From the Executive Director
Repression and How to Fight It
By Teresa Eyring
Just as we were ending 2010, several troubling events transpired in the U.S. and abroad that highlighted the tenuous intersection among politics, religion, artists and free speech. In response, there were compelling displays of activism—efforts that combined the use of conventional and new social media to express and advocate for specific points of view. Blogs, e-mail, Twitter, Facebook, online petitions, along with print media and in-person protests, were all at play. As a result, a new level of awareness and activism spread across the global stage.

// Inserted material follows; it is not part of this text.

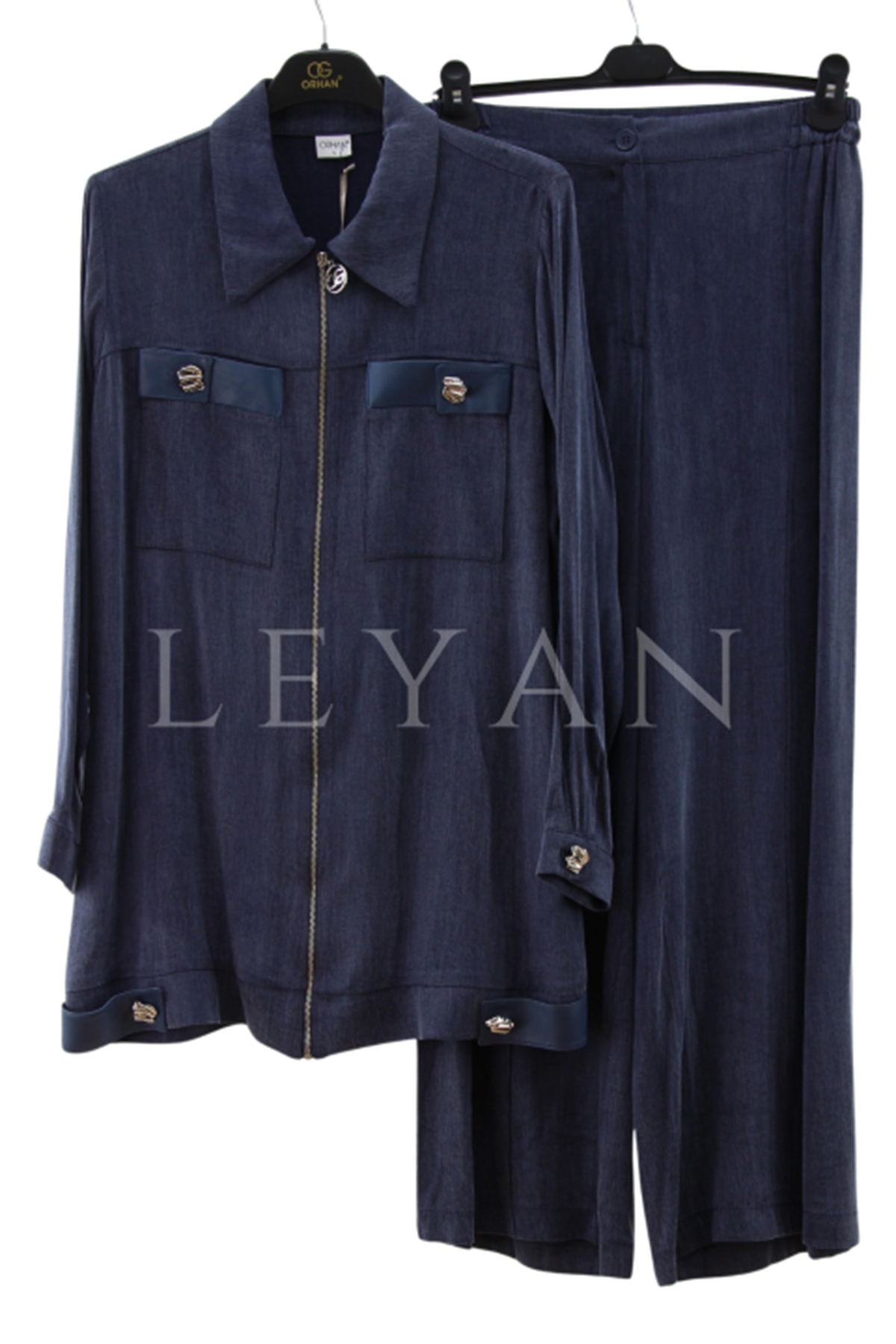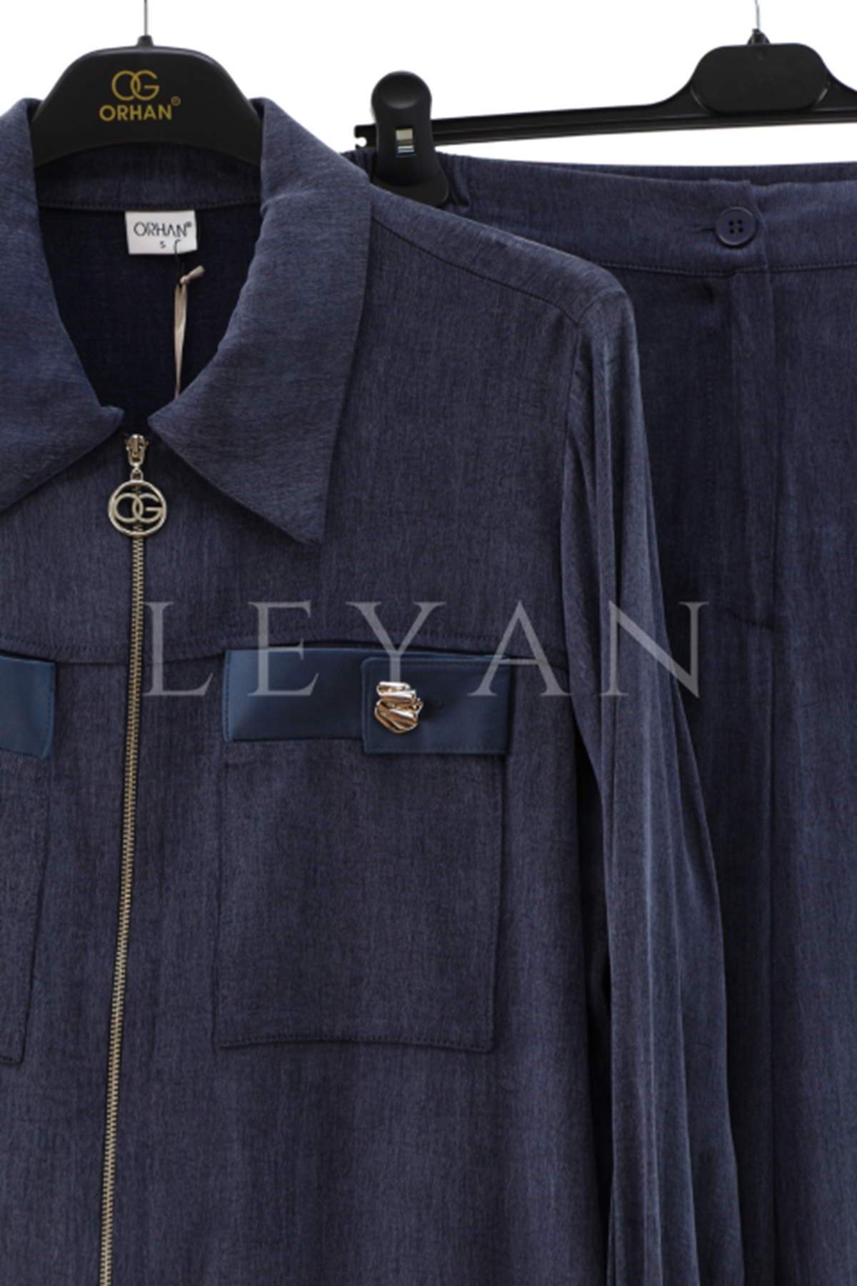 Orhan Store Deri Detaylı Takım- LYN04002 Lacivert

In December, the Smithsonian Institution pulled the David Wojnarowicz video A Fire in My Belly from the exhibit "Hide/Seek: Difference and Desire in American Portraiture" at the National Portrait Gallery in the nation's capital. The controversy began when Bill Donohue, president of the Catholic League, came across a blog posted by Penny Starr on the conservative website CNSnews.com. Starr described the exhibit as the Smithsonian's "Christmas Season Exhibit" and repeatedly made reference to an "ant-covered Jesus" that appears in the video piece. (In fact, the 1987 video, shot partly in Mexico, is a highly imagistic lament about the death of Wojnarowicz's partner and the impact of AIDS; one image shows ants crawling on and around a crucifix.) Donohue enlisted the support of a few members of Congress to prevail upon the museum to remove the video—under the threat of losing federal support. The Smithsonian was harshly criticized for its decision. Protests sprung up across the country, including marches and showings of the video at museums and convenings. And the video went viral on YouTube, so it is likely that more people have now seen it than ever would have without the controversy. A Change.org petition posted by People for the American Way garnered more than 21,000 signatures protesting the censorship.
Meanwhile, in Hungary, a new media law was passed by the government of Prime Minister Viktor Orban to place major restrictions on all media, including blogs. A new Media and Communications Authority has been formed to regulate newspapers, television, radio and the Internet, and to levy severe penalties for any reportage that isn't "balanced." This law has raised concerns all over the European Union, particularly since Hungary has heretofore been a model of democracy. On Dec. 1, reports noted, one of the parties of the Parliament, Jobbik, "organized a demonstration next to the National Theatre's building with the sole purpose of replacing the director. Artists, writers, critics and theatregoers—organized by a Facebook group—also gathered in front of the National marking their sympathy for this theatre and artistic freedom and its artistic director."
Also at year's end, a high-profile attack on human rights and free speech occurred in Belarus, following the landslide reelection of Belarus's authoritarian President Alexander Lukashenko. Protests ensued, during which Lukashenko cracked down on opposition candidates who questioned the election process. Much of our awareness of the political situation there has come from theatres and artists, particularly the Free Theatre of Belarus, which is considered dissident, even non-existent, by that country's repressive regime.
A late December e-mail from Free Theatre co-founder Natalia Kolyada reported, in rough English: "Today there are 600 people who are in jails. Twenty-one of them could get up to 15 years. Three-year son of our friends is planned to be take from grandparents because he is son of Andrei Sannikov and Irina Khalip, one of two main oppositional candidates and his wife is the most famous journalist. Another candidate Vladimir Neklyaev is terribly beaten up as well as Sannikov. Searches in apartments are going on all over the country."
International pressure—particularly diplomatic pressure—is helpful and necessary in situations such as these. One initiative responding to the crisis in Belarus has been readings by U.S. theatres of the play Being Harold Pinter, a work of the Free Theatre that utilizes Pinter's Nobel Prize speech, excerpts from political dramas and letters from political prisoners. (Kolyada and company performed the show themselves last month at NYC's Under the Radar.) Artists have also organized the Global Artistic Campaign in Solidarity with Belarus, an effort that involves such luminaries as Tom Stoppard and Václav Havel.
We know that we are in (and in for) interesting times, and that our discourse about art, free speech and human rights will increasingly involve and activate people across the globe. The Smithsonian incident gave some arts leaders a moment of déjà vu: Are we seeing early signs of a new "culture war" similar to that experienced in the early 1990s, when the NEA was under harsh attack? Many have pointed out that we weren't prepared then in a way that we can be now—to coordinate our position and to recognize the power of bipartisan efforts in fighting these types of challenges.
With a newly seated Congress, we have the chance to begin forging fresh relationships with lawmakers on both sides of the aisle, in the House and in the Senate. We also have new organizing and communications tools brought to us by social media. And, perhaps most important, artists and arts organizations have the ability to utilize every performance and every encounter with an audience to reinforce the importance and the value of art, of the artists who make it, and of arts organizations within communities across the U.S. and around the globe.